Written and unwritten contracts are essential parts of the Thai legal system and form the basis of many of our personal and business transactions. To protect yourself, especially when money is involved, and to avoid legal entanglements, a basic understanding of contracts is essential. There is no definition of “Contracts” in the Thai Civil Code. However let’s say that you have an offer which clearly indicates to someone else your intention to enter into a contract. If your offer is accepted voluntarily, then you’ve got an acceptance and the offer becomes a contracts. Contracts are voluntary, legally binding agreements between two or more people to do or not do something. Whether you realize it or not, you enter into contracts all the time: when you borrow money from a bank, get married or divorced, buy a car, buy your meals and so on.

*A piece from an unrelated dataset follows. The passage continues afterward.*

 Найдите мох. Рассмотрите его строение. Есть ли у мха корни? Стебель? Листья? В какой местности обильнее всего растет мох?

The best contract is always a written one in which all the things that have been agreed - the terms of the contract - are spelled out, in writing. Terms usually include the following:
- Who’s obligated to do what and for how much
- Applicable deadlines
- Answers to questions such as “what happens if…?”

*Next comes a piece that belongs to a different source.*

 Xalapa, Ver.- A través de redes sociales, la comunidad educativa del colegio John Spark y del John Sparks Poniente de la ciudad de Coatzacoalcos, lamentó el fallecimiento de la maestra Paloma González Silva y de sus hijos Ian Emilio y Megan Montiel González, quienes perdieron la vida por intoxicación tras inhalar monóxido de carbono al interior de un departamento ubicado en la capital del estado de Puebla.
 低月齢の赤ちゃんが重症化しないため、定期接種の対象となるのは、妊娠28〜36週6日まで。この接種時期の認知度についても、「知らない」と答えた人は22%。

Fill-in-the-blank contracts are only appropriate for very straightforward agreements; they’re not a good idea if your agreement must address unusual or special situations or concerns.
What if I want out?
A contract can be broken under certain conditions, which include the following:
- You are defrauded by another party to the contract.
- One party to the contract breaches the contract.
- You sign the contract because you’re being threatened.
- You and the other parties to the contract agree to cancel it.
If the contract is important and you want to minimize the potential for problems with it later, ask lawyers to review the contract before you sign it. Lawyers can point out any weaknesses in the contract and suggest changes to give you more legal protection.